All that said, basic investment-only management is not only worthwhile, it is necessary. 35 basis points is the average cost of seven robo-advisors as cited by MoneySense magazine. That number is significant, but it should be a warning sign as well. If your value proposition is based on your investment management prowess, keep in mind how much that’s worth, especially when compared to other more potentially valuable services you may provide. This is why we advocate for model strategies where suitable. By outsourcing your investment management, you can free up your time to focus on the highest value services.
Source: MoneySense https://www.moneysense.ca/save/investing/best-robo-advisors-in-canada
Don’t fear the robot
While robos continue to commoditize, helping your clients with their investment decisions is a vital part of what you do.

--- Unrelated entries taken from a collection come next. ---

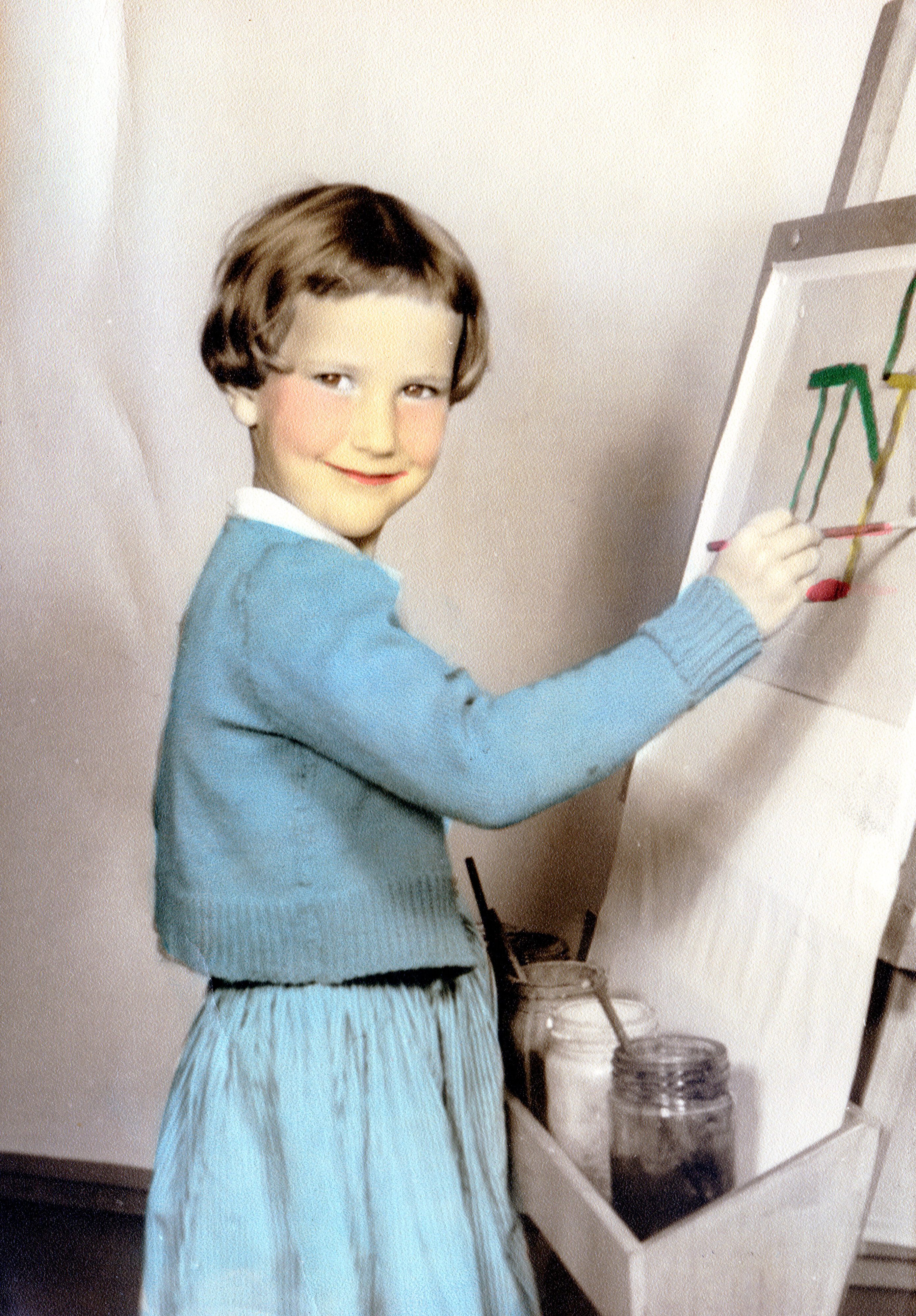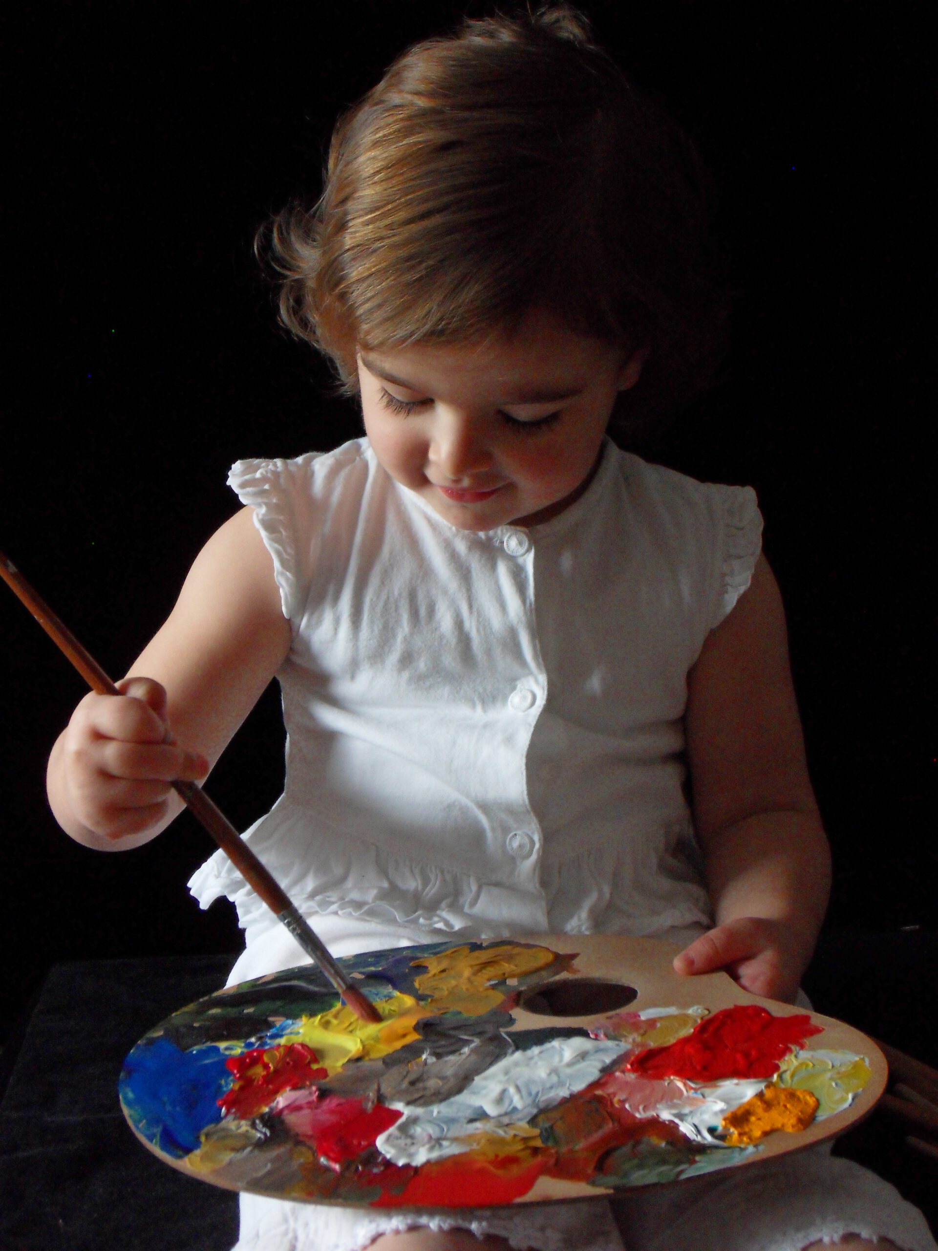 Hanneke is als zeer betrokken oma wel druk geweest om haar kleinkinderen wat creativiteit bij te brengen. Hieronder een mooi voorbeeld van Marit die een introductie krijgt in het schilderen.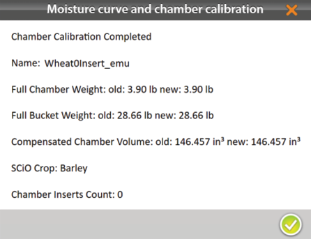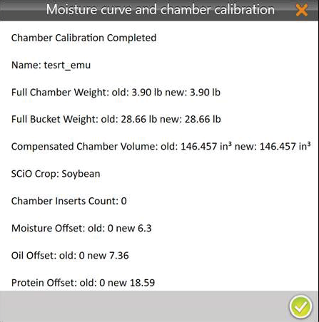 The GrainGage cycles the grain, and Mirus displays details of the calibration. - Tap the check icon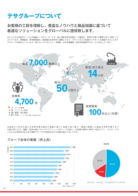 3402004006008001,0001,2001,4001,600A20122013201420152016201720182019202020211,4991,3251,3781,3421,2581,1461,1401,0391,0761,000単位:100万ユーロ事業年度お客様の工程を理解し、豊富なノウハウと商品知識に基づいて最適なソリューションをグローバルに提供致します。グループ全体の業績(売上高)テサグループについてわたしたちは世界をリードする粘着テープのメーカーです。高い性能を誇る粘着テープ製品は、世界中の様々な業界で広くお使いいただいています。営業拠点、研究開発拠点、製造拠点を世界中に展開しており、グローバルにきめ細かいサポートを提供できることをテサグループの強みとしています。特にエレクトロニクス、自動車、公共交通機関、航空宇宙産業のサポートに注力しています。先進性と125年を超える世界有数の歴史と経験に基づく品質と使い易さ、環境に配慮した製品を世界の隅々までお届け致します。躍動・成長を続けるアジアパシフィックのニーズを捉え、お客様の期待に素早く対応すべく、テサテープはこれからも世界中のあらゆる場所でテープの可能性を広げる活動を続けてまいります。1ドイツ本社6リージョン本社14製造・加工拠点57支社(リージョン本社と製造・加工拠点を含む)地域別1882年3月28日ハンブルグの薬剤師が、新しい医療用テープの特許を取得しました。薬剤師の名は、ポール・カール・バイヤスドルフ(1836‐1896)。それまでのように患部を悪化させることなく、傷が癒える初めての絆創膏でした。この発明が今日のバイヤスドルフ社を築く礎となり、1882年のこの日は、バイヤスドルフ社の創立日とされています。テサの歩みがテープの歴史テサドイツ本社沿革1882ポール・カール・バイヤスドルフが絆創膏の特許取得1897自転車タイヤ修理用の粘着テープ『シトプラスト』発売1901粘着剤が白色化した絆創膏『ロイコプラスト』を発明1908ブランド名『tesa(テサ)』が誕生1911ニベア製品生産開始1936粘着テープのブランドとして『tesa(テサ)』が登場1948卓上ディスペンサー登場1977デンマークのテープメーカーNopiを吸収合併1989北米大手粘着メーカーttiを吸収合併1993バイヤスドルフ本社オフィス開設テサヨーロッパ生産センターISO9002認証取得1997マレーシア工場ISO9002認証取得1998シンガポール工場QS9000認証取得1999テサアジアパシフィックをシンガポールに設立2001バイヤスドルフの100%出資により新会社tesaAGとして独立2005中国蘇州に新工場を設立2009欧州会社法に基づきテサドイツ本社をtesaSEに改称2016tesaSEの本社ハンブルグ郊外に新社屋を建設し、移転2018FunctionalCoatings,Twin-lock,Sugru,niewiederbohren社を吸収合併わたしたちは社会に対してよい影響を与えるため、資源を守ることと社会的責務を果たすことを目標としています。2016年には国連グローバルコンパクト(UNGC)に加盟し、持続可能な成長を実現するための取り組みを継続して実施しています。特に環境保護、社会貢献、社員への責任、持続可能な製品の開発と安全性に重点を置いて取り組んでいます。CSR活動か所14製品種類以上7,000か国以上拠点50100新規開発4,700従業員名製造・加工拠点件以上(年間)会社名テサテープ株式会社本社所在地〒108-0072 東京都港区白金1-27-6 白金高輪ステーションビル8FTEL:03-6833-2300㈹ FAX:03-3473-7440㈹創立1964年(昭和39年)11月18日資本金3億円代表者トーマスガスナー主要取引銀行三井住友銀行 渋谷支店日本法人東京本社〒108-0072東京都港区白金1-27-6 白金高輪ステーションビル8F名古屋営業所〒460-0002愛知県名古屋市中区丸の内1-4-12 arexビル7F大阪営業所〒532-0011大阪府大阪市淀川区西中島5-14-5 ニッセイ新大阪南口ビル9Fテクニカルセンター〒108-0072東京都港区白金1-27-6 白金高輪ステーションビル10F小牧物流センター〒485-0075愛知県小牧市三ツ渕南播州1221所在地■ヨーロッパ■アメリカ■アフリカ・アジア・オーストラリア51.1%15.0%33.9%2022.12.28(15:34:26)CMYK念校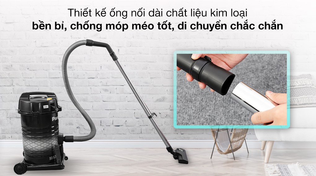 Máy hút bụi Panasonic với thiết kế công nghiệp, kiểu dáng chắc chắn, mạnh mẽ, có với bánh xe tiện di chuyển nhẹ nhàng Công suất hoạt động 2300 W cho lực hút mạnh mẽ, sử dụng hiệu quả cho các khu vực diện tích rộng như văn phòng, nhà xưởng, bệnh viện, Đầu hút 2 bước giúp vệ sinh hiệu quả ở mọi ngóc ngách, thuận tiện với các đầu hút khe và màn bọc đi kèm Thiết kế ống nối dài chất liệu kim loại bền chắc, chống móp méo tốt, duy trì lực hút ổn định và di chuyển chắc chắn hơn. Máy hút bụi công nghiệp có thể hút hiệu quả và an toàn cả bụi khô và bụi ướt, vệ sinh triệt để. Dung tích hộp chứa bụi lớn tới 21 lít, hút bụi liên tục khắp không gian rộng mà không tốn thời gian đổ bụi, vệ sinh hộp chứa Máy hút bụi với dây điện dài 8m, tự động rút gọn tiện lợi cho việc bảo quản Với chiều dài dây điện 8m cho phép di chuyển xa hơn để làm sạch mà không quá bất tiện, gọn gàng và thuận tiện trong việc cất giữ. Máy dùng bộ lọc Hepa kháng khuẩn lọc sạch vi khuẩn, bụi bẩn, các chất gây mùi và các tác nhân dị ứng trong không khí… mang lại không gian sống trong lành Máy hút bụi công nghiệp Panasonic MC-YL637SN49 2300 W sản phẩm công nghiệp phục vụ hiệu quả, bền tốt, hút bụi làm sạch tốt khu vực rộng mà không cần tốn nhiều công sức.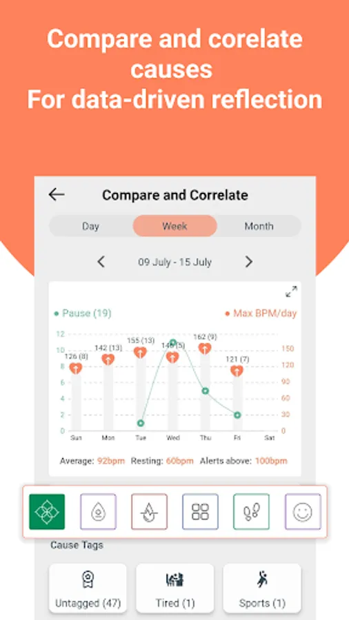- Tag a cause/reason (work, social, physical), add notes and mood-info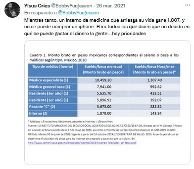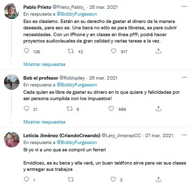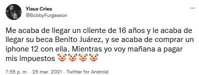 Un usuario de Twitter de apodo @BobbyFurgesson expuso a un adolescente de 16 años que gastó su beca Benito Júarez para comparse un Iphone 12. Sin embargo, fue criticado por otros usuarios, pues señalan que es imposible adquirir un celular de esa gama con el dinero que da el programa."Me acaba de llegar un cliente de 16 años y le acaba de llegar su beca Benito Juárez, y se acaba de comprar un Iphone 12 con ella. Mientras yo voy mañana a pagar mis impuestos", escribió en la publicación.Reiteraron que los estudiantes de México que están registrados en el programa reciben mil 800 pesos cada dos meses y el Iphone 12 tiene un costo mínimo de 19 mil pesos. La publicación se hizo viral y obtuvo más de siete mil reacciones y cientos de comentarios negativos, pues la mayoría criticaron el post y algunos indicaron que "cada quien era libre de gastar su dinero en lo que quisiera" y defendieron al joven. Además, el usuario respondió a las criticas y expone que "un interno de medicina gana 1,807 y no puede comprar un Iphone"."Mientras tanto, un interno de medicina que arriesga su vida gana 1,807, y no se puede comprar un iphone. Para todos los que dicen que no decida en qué se puede gastar el dinero la gente...hay prioridades".Todos los estudiantes de México pueden recibir el apoyo económico que ofrece el programa del gobierno de Andrés Manuel López Obrador (AMLO) y es dirigido para fortalecer la educación en el país.La Beca Benito Juárez consiste en un pago de 800 pesos mensualmente, sin embargo el representante de la Coordinación Nacional de Becas para el Bienestar Benito Juárez (CNBBBJ), Abraham Vázquez Piceno, informó que el apoyo se otorgará de manera bimestral, por lo que cada estudiante recibirá mil 600 pesos cada dos meses.jb

And robo-like technology is here to stay. Don’t fear it. We believe embracing the benefits of this technology—and there are benefits—is the best way forward, both for you and for your investor clients.
Ironically, I believe robos have built their business since 2008 by learning from human advisors. Humans are what robos intend to emulate. They learn from you. But let’s set irony aside and see what we can learn from them.
First of all, it’s important that advisors recognize that technology has become a vital medium for millennials, generation Xers and their cohorts. The Gen Xers and millennials talk through technology. It is often their first communication preference. So then, are you talking to your younger clients, in their preferred language? As the chart below shows, there is generationally growing interest in online planning tools and technology. How are you incorporating these tools into your practice?
Current and future adoption in Canada
FinTech adoption is greatest among young, high-income groups
Breakdown of Canadian FinTech users by age and income group, and by current usage and intention to use FinTech in the future.
Technology can also help you prioritize your time, so that you, the human advisor, are focused on the highest value deliverables. Which internal processes within your practice can be automated? I know many advisors have started down that path, but you can likely do more. How are you using technology to automate low-value tasks and shift your saved minutes to more client-facing time?
Do you have an online presence and social media support that drives your brand. Don’t just think in terms of your website. Think of your online presence as your 24/7 team member that plays an increasingly vital role with prospects that perhaps you’ve never even met. If these prospects can get a good feel for what you offer—including not just your expertise and your services, but also your personality and the personality of your team—then these prospects have a higher likelihood of making a valuable connection.
Finally, how can you leverage technology to support your inventory strategies and the customer experience of your existing clients? This is another place where technology can be used to shift time to more client-facing tasks.
The bottom line
In the formula of advisor value, C is for the cost of basic investment-only management. This basic service is not only worthwhile, it is necessary. We encourage advisors to explore how both robos and skilled outsourcing partners can make you more effective and efficient in this area, so that you can spend your precious minutes where they add the most value, both for you and your clients.